FROM: [email protected]
SUBJECT: Your Special Night!
Dear Mr. and Mrs. Reeves,
Your love story has captured hearts! Several major networks are interested in featuring your whirlwind romance in their reality programming. The tech CEO and the PR executive? It’s ratings gold!
Please contact us ASAP to discuss rights and filming schedules.
P.S. Your Elvis cape and commemorative shot glasses are in the mail!
Perfect. Because nothing says "serious tech CEO" like Elvis memorabilia arriving at your office two months before your company goes public.
My phone lights up with another message:
ARIANA: Got your messages. Thanks for having my back.
ARIANA: But please don’t text about the marriage thing. I have nosy sisters.
ARIANA: Also, I definitely did not leave that earring on purpose. Not good for plausible deniability.
Despite everything, I feel myself smile. Then I remember I’m supposed to be focusing on the IPO, not on how my accidental wife’s text messages make my chest do weird things.
Yasmin returns with maintenance, her expression carefully neutral. "The chapel has called twice more. Should I have legal look into it?"
"Yes. No. I don’t know." I run a hand through my hair. "Just... give me a minute to think."
"Of course." She glances at my phone, which is lighting up again. "Though you might want to make it a quick minute.
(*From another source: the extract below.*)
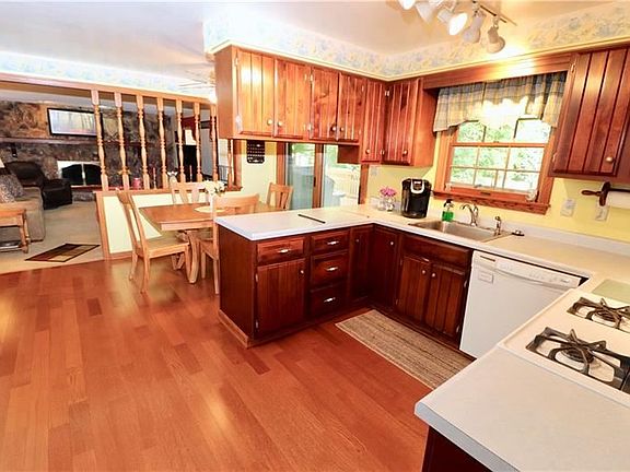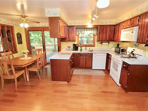 Welcome to your dream home! 102 Rockrose Road in Baden. Stunning 4 Bedroom, 2.5 bath, 2 car garage on 1.16 Acres. Fully equipped eat in kitchen with wood stained like Cherry cabinets in "C" shaped kitchen with light blue countertops, pantry, and newer new engineer maple wood planking. Kitchen opens to family room with stone gas fireplace. Formal Living room, Dining, entry, laundry, and half bath on main. EIK includes sliding glass with enclosed blinds that opens to back deck. Wonderfully sized Master Suit includes walk in closet 11x6 & full bath 10x7 is on 2nd fl along w/ 3 additional bedrooms & a full bath (11x6). 40x26 basement can be finished. 22x15 Covered deck (with storage above) with open 19x15 deck. 23x18 cement patio. Includes buildable extra side lot. 150 amp box, House roof '08 (25 yr shingles), deck roof '06, all floors on 2nd fl '19, H2O tank '12, HVAC '06. Windows '92. Close. Garage wired for generator backup.
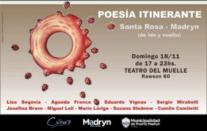 El grupo cuenta con dos discos, el primero “Fuimos Huesos” y el Fuimos Huesos” y el segundo “De tu barrio y el mío”. Por otra parte, se invita a participar de “Poesía Itinerante: De ida y vuelta” encuentro literario organizado por poetas de La Pampa. El evento será el domingo 18 de noviembre a las 20 en la sala de Av. Rawson 60. La entrada será libre y gratuita.

Your father’s on his way up."
I curse out loud, still reading from myself screen.
GRAYSON: Speaking of wedding logistics
GRAYSON: You do realize Luke and Cal are going to have a field day with this, right?
GRAYSON: Luke’s already suspicious when you stopped answering in the “DOOM GROOMSMEN” group chat over the weekend. And you know how Cal loves international scandal.
GRAYSON: You might want to start preparing your defense now
Fantastic. As if my father, the IPO, and an impending reality TV offer weren’t enough, now I had to deal with my best friend’s groomsmen—a cybersecurity prodigy with a grudge, a clean energy billionaire who probably has MI6 on speed dial, and Grayson himself, who was loving this way too much.
My phone lights up with another message:
ARIANA: P.S. Those pancakes weren’t that special.
ME: Lies. You moaned.
ARIANA: I did not!
ME: You definitely did. The whole restaurant heard.
ARIANA: That was... appreciation for proper syrup temperature.
ME: Sure it was
ARIANA: Also, that thing about the syrup temperature? Kind of hot.